Revenue for the quarter was US$60.9 million, compared to US$67.6 million last year.
For the first half of the fiscal year, reported net profit of US$158.1 million was an increase from the US$14.4 million in the corresponding period, boosted by one-off accounting effects of US$137.5 million from the completion of the business combination of EOC Limited and EMAS Marine. Net profit excluding the one-off accounting effects was also higher at US$20.6 million, a 43 per cent increase, demonstrating the company’s sustained positive operational performance.
The company posted lower revenue of US$133.6 million for the first half, a 9 percent decrease from US$147.6 million, on the absence of contribution from a leased-in vessel returned in the second quarter of fiscal year 2014, as well as slower activity in the offshore support vessel sector.
“The enlarged entity of EMAS Offshore has definitely positioned us to better ride out oil price volatility. While revenues and utilisation rates have declined due to market conditions, we have realised cost benefits and operational efficiencies from the business combination. We are also pleased that the FPSOs, which are largely insulated from the current depressed oil prices,
continue to contribute positively,” said Jon Dunstan, EMAS Offshore’s Chief Executive Officer.
In the Offshore Support and Accommodation Services division, offshore support vessel overall utilisation rate was 79% for the first half of the fiscal year, largely due to the weakness in the shallow water anchor handling, towing and supply vessels (AHTS) and shallow water platform support vessels (PSV) segments. However, the company sees ongoing demand for deep water capable AHTS, where utilisation rate remains above 90%.

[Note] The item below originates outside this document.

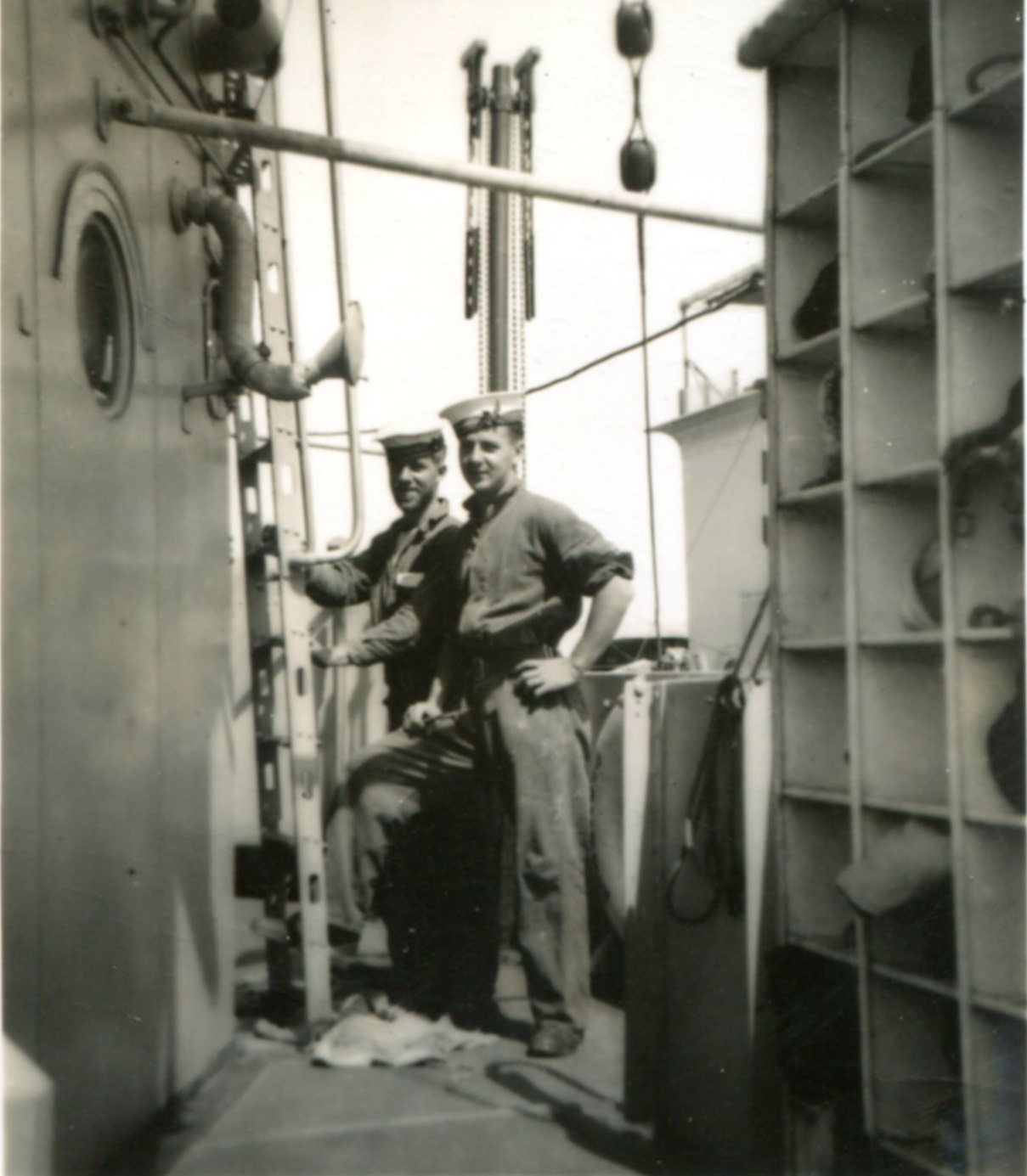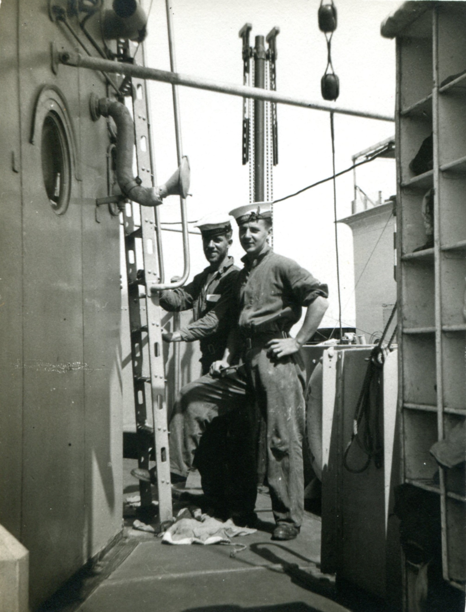 (LN16) McIntrye (left) & Sutherland on HMCS SAGUENAY

In the Offshore Production Services division, the two floating production, storage and offloading (FPSO) vessels, Perisai Kamelia and Lewek EMAS, continue to perform well, maintaining high operational uptime of almost 100%, a testament to the division’s operational excellence.
The company has taken steps to strengthen its balance sheet, and net gearing ratio is improved from 1.28x as at 31 August 2014 to 1.01x.

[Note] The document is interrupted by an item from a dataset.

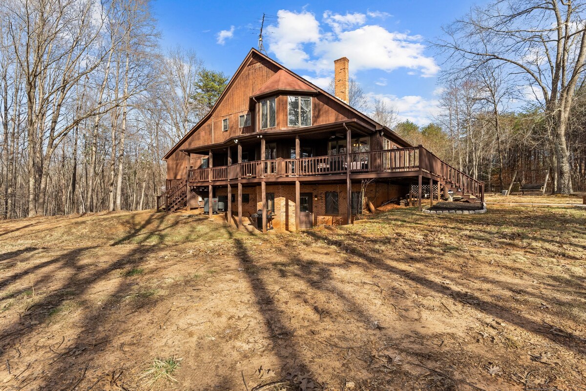 Welcome to 🐻Lazy Bear Lodge🐻!! Escape to this luxurious, secluded 10-acre Wonderland! Vast space to sleep 12, this stunning retreat lets you unwind & enjoy the great outdoors. Relax on the expansive wrap-around deck, by the fire pit, or explore the trails. Enjoy the arcade, billiards, & outdoor games! LBL has 3 levels, 3 spacious bedrooms, & 3 bathrooms. Enjoy a fully equipped kitchen & dine in the elegant dining area or on the deck with breathtaking views of the surrounding nature.

“Under the current circumstance we are taking a more cautious view for the ensuing quarters. However, we have taken steps to maintain our operational performance, which include exercising and implementing ongoing cost-optimisation initiatives, and focusing on operational excellence. These strategies will serve to protect our bottom line. Moving forward, we will ensure that we continue to improve operational efficiency with an added focus on sustaining vessel utilisation,” said Dunstan.